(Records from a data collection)
━━━━━━━━━━━━━━━━━━━━
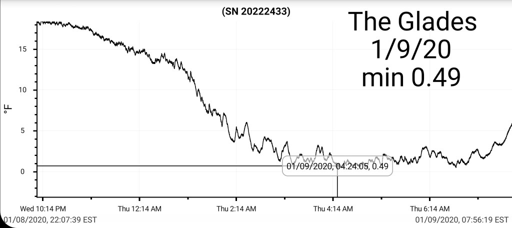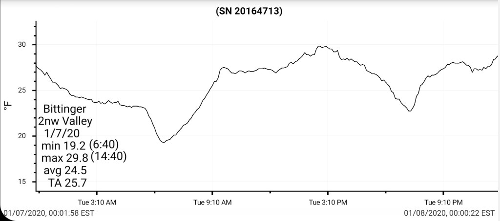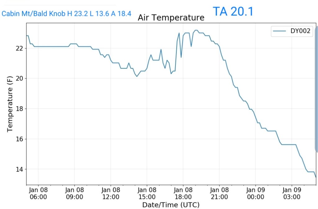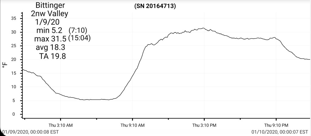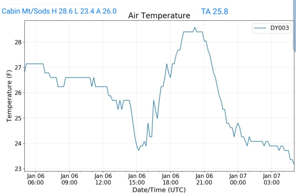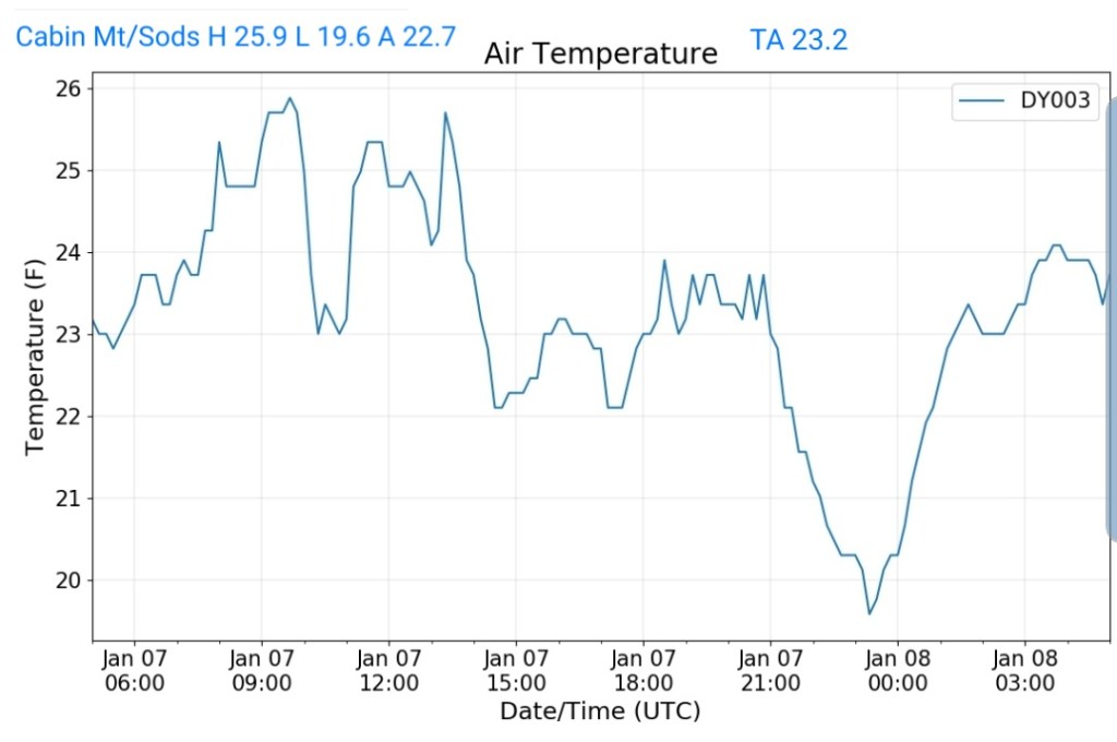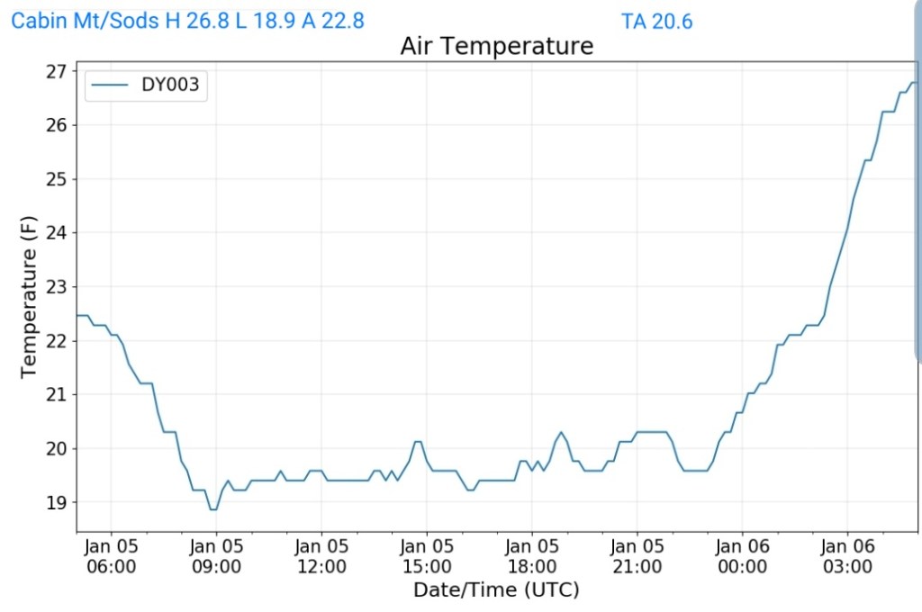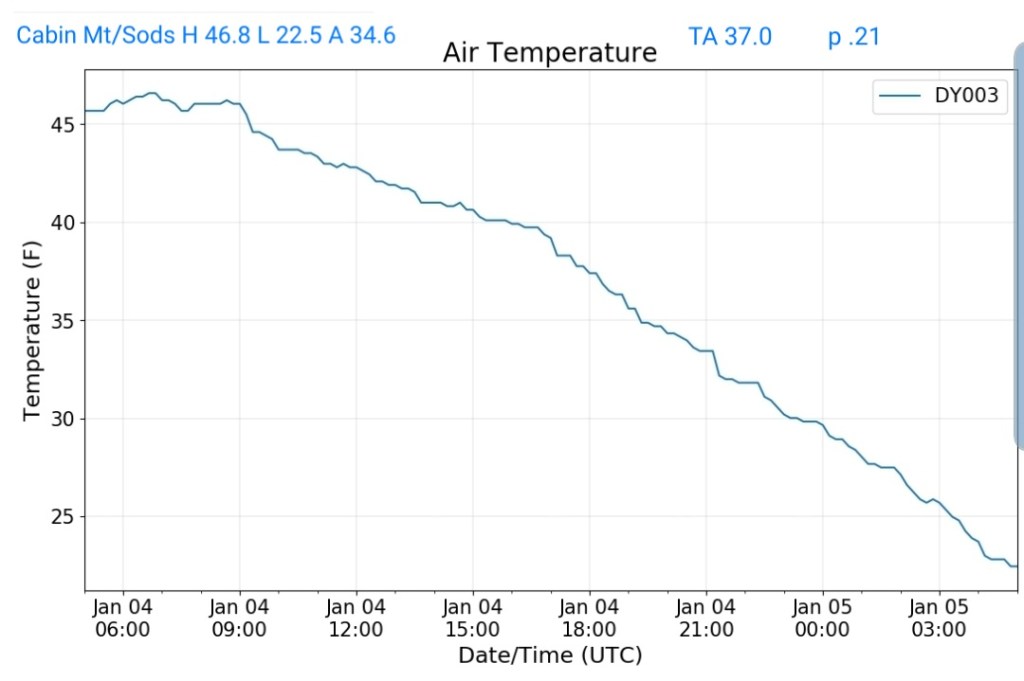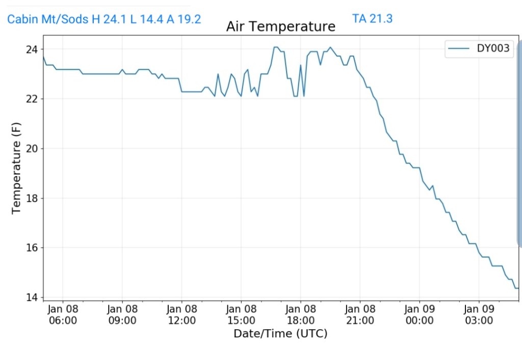 That combo shouts that some of the coldest valleys drop below 0 briefly. High ground may hold teens to around 20.
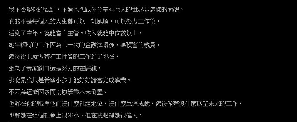 這名女網友反問原PO,是否曾有過清晨5、6點就出門工作,到深夜11、12點才收工的生活,並表示,自己的媽媽就是如此辛苦。而之所以已經中年還做他人眼裡所謂打工性質的工作,是因為年輕時的工作遇上金融海嘯,遭無預警裁員,並非無緣無故或不努力而做打工性質的工作。而她如此拼命都只是為了養家、讓兒女不用因為經濟問題而影響到課業。
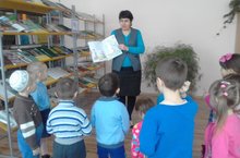 Балаларда китапханәче хезмәтенә карата ихтирам, китапханәдә үз-үзеңне тота белү сыйфатлары тәрбияләү нияте белән китапханәгә экскурсия оештырдык. Балаларга экскурсия бик ошады. Китапханәче Флера апалары балаларны китапханә белән таныштырды, бик кызыклы, эчтәлекле әңгәмә корды, балаларга карарга, төрле әсәрләрдән тупланган ,"Ирҗан" дигән видео диск бүләк итте.
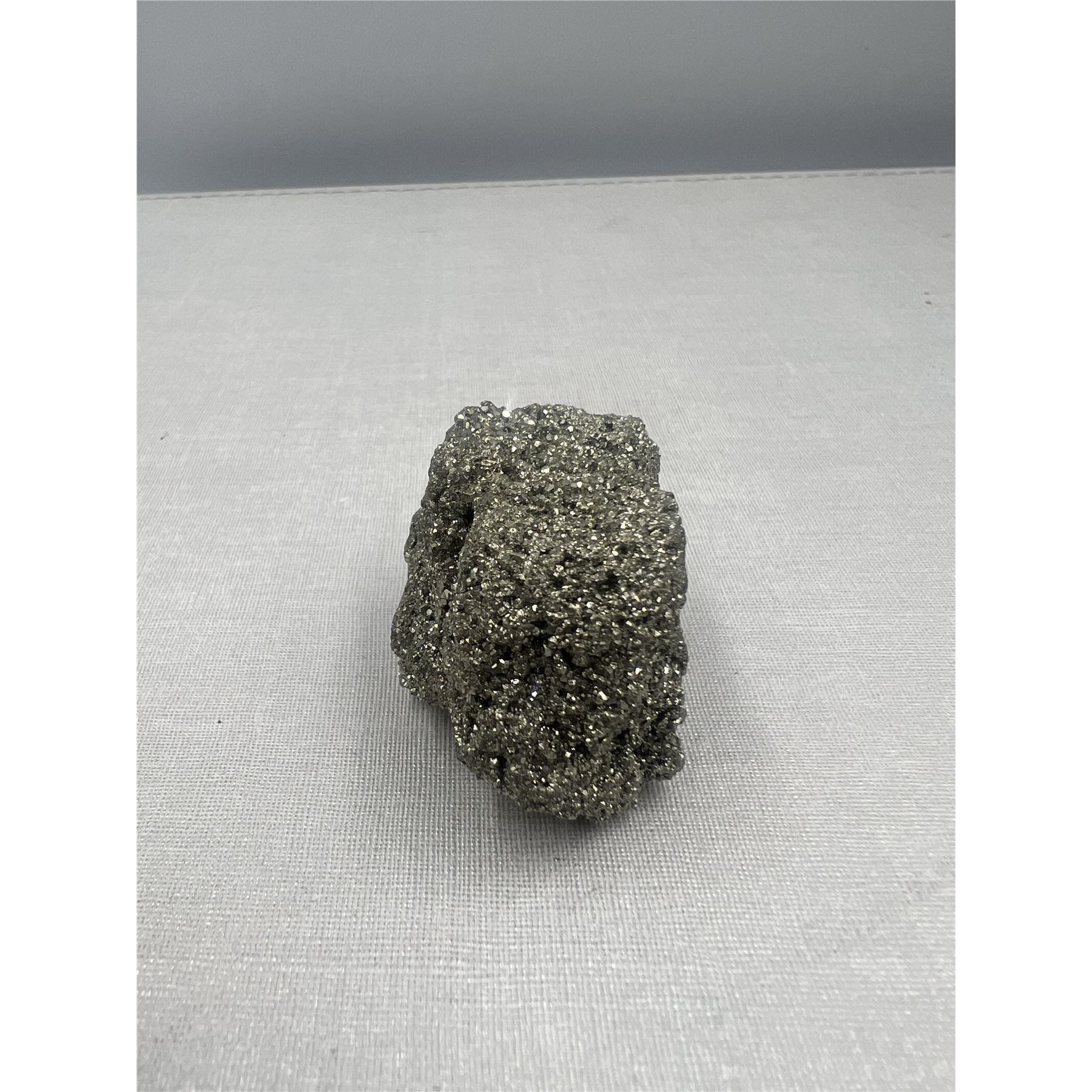 1.5 INCH HIGH GRADE PYRITE FROM PERU SHINY FORMATION.WILL RECEIVE SIMILAR PYRITE ROUGH CLUSTER .
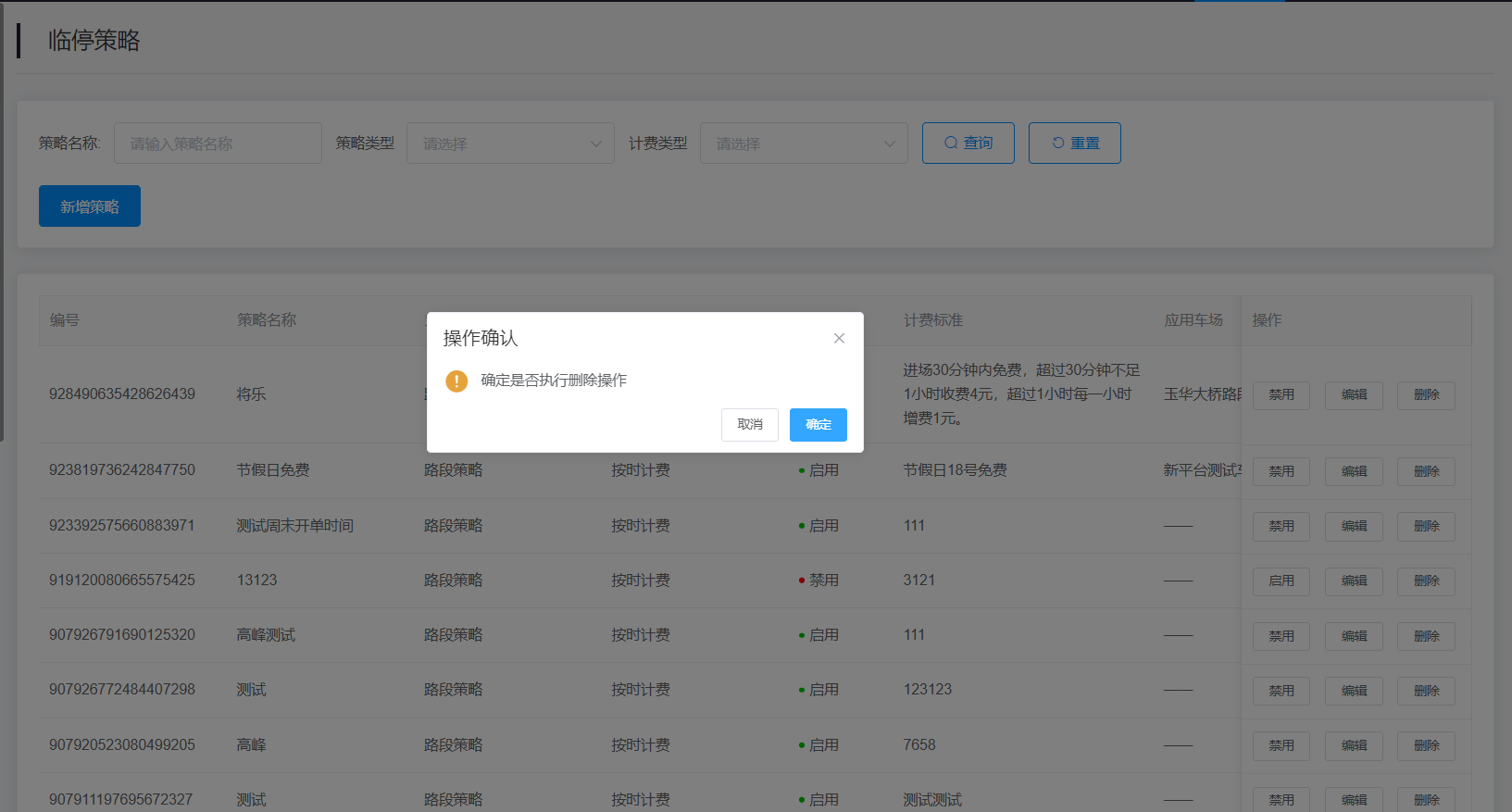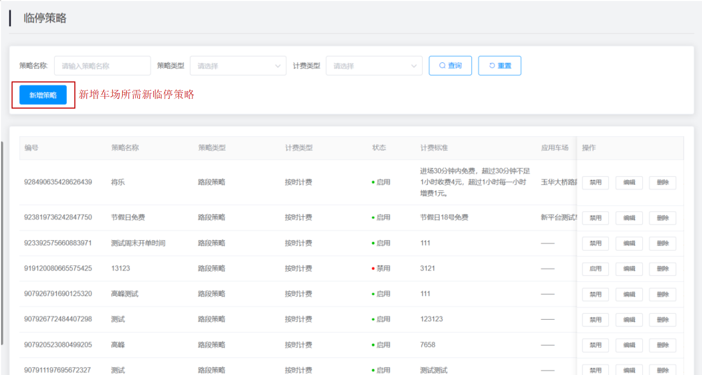 3.查询结果:该查询结果由编号、策略名称、策略类型、计费类型、状态、计费标准、应用车场、创建人、创建时间、操作(禁用/启用、编辑、删除)组成。通过查询条件进行筛查临停策略信息查找。
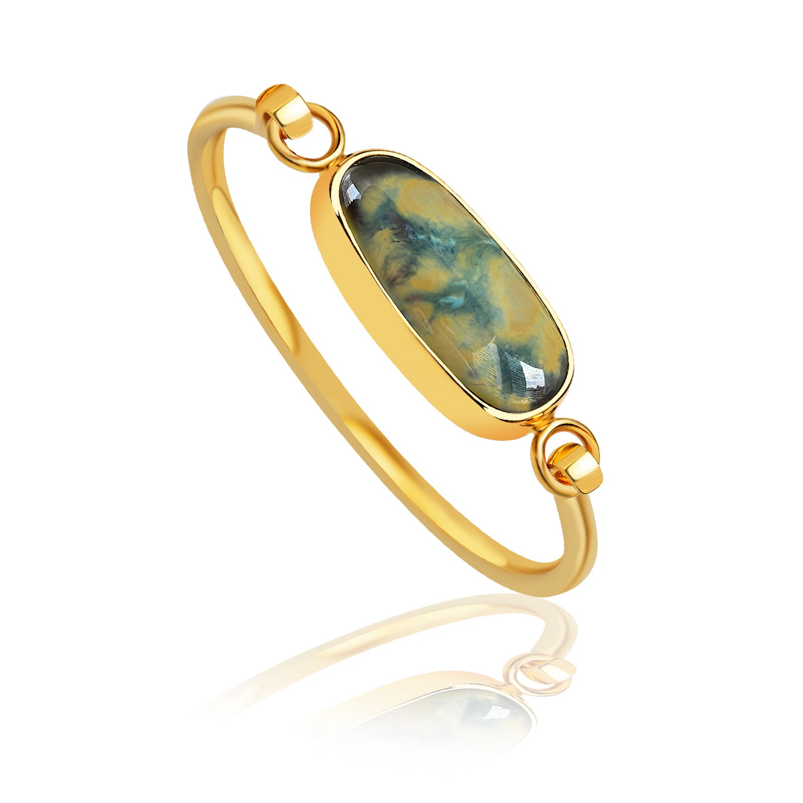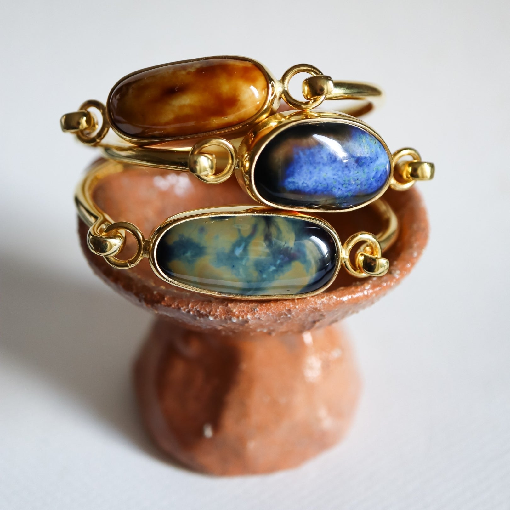 22 K gold plated cuff with hand sculptured porcelain balls.
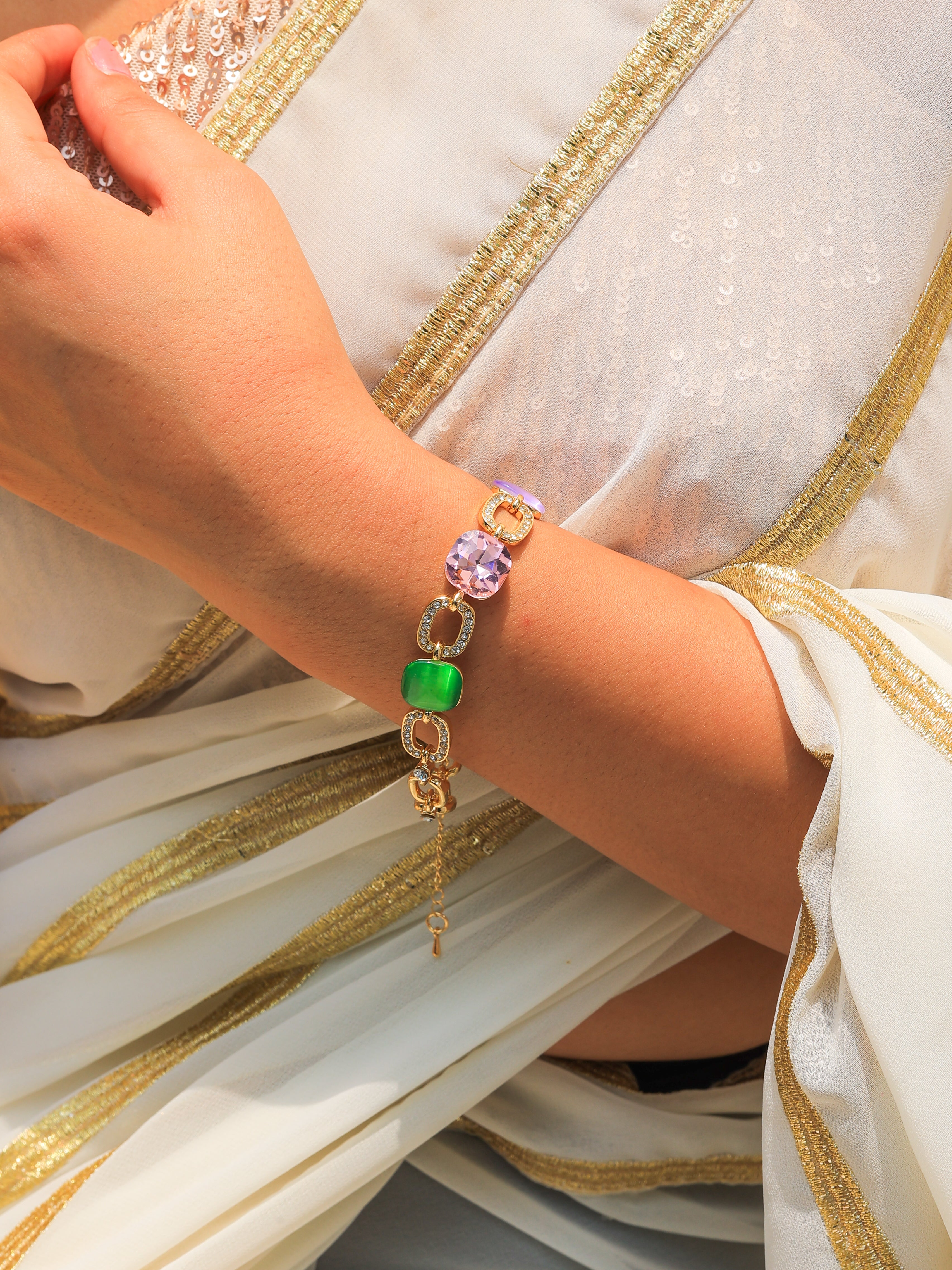 Introducing the Mona Lisa bracelet — a delicate blend of artistry and charm, adorned with enchanting mauve and green stones. Inspired by timeless beauty, this bracelet showcases a harmonious play of soft hues, adding a touch of sophistication and grace to any look. Whether worn for a festive occasion or to elevate everyday style, the Mona Lisa bracelet is a captivating accessory that embodies elegance in every detail.
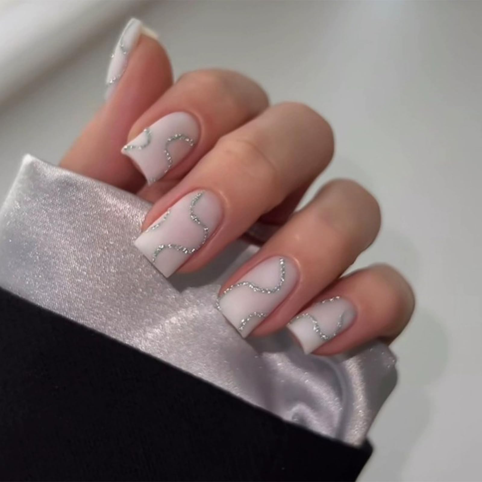 Packaging includes:You will receive 24 Silver Glitter fake nails, 24 jelly glue, 1 small crystals stick, alcohol bag, nail file, no additional tools required High quality nail art:These glossy fake nails are made of safe and environmentally friendly materials,You can use them with confidence to decorate your nails Enduring Effect: You can use the nail glue sticker we give away silver glitter fake nails can be reused ), if you want to last longer, please use liquid glue, the effect can last 1 to 2 weeks Wide Applications:Lines fake nails with nail art designs can be used on various occasions, which can meet your needs at weddings, proms, birthdays, parties, Valentine's Day dates, and daily life Good Service: if you have any questions about the item, please feel free to contact us in time. We will respond to you as soon as possible and do our best to solve your problems 24Pcs Silver Glitter Lines Fake Nails Swirls French Tip Press on False Nails Cute Artificial Nails for Women Girls Nail Art Decorations
━━━━━━━━━━━━━━━━━━━━
▸ About this task: Reproduce only the lines from the beginning of the data through the line that contains "Балаларда китапханәче хезмәтенә", both included, and please drop the pictures.

▸ Solved problem:
 That combo shouts that some of the coldest valleys drop below 0 briefly. High ground may hold teens to around 20.
 這名女網友反問原PO,是否曾有過清晨5、6點就出門工作,到深夜11、12點才收工的生活,並表示,自己的媽媽就是如此辛苦。而之所以已經中年還做他人眼裡所謂打工性質的工作,是因為年輕時的工作遇上金融海嘯,遭無預警裁員,並非無緣無故或不努力而做打工性質的工作。而她如此拼命都只是為了養家、讓兒女不用因為經濟問題而影響到課業。
 Балаларда китапханәче хезмәтенә карата ихтирам, китапханәдә үз-үзеңне тота белү сыйфатлары тәрбияләү нияте белән китапханәгә экскурсия оештырдык. Балаларга экскурсия бик ошады. Китапханәче Флера апалары балаларны китапханә белән таныштырды, бик кызыклы, эчтәлекле әңгәмә корды, балаларга карарга, төрле әсәрләрдән тупланган ,"Ирҗан" дигән видео диск бүләк итте.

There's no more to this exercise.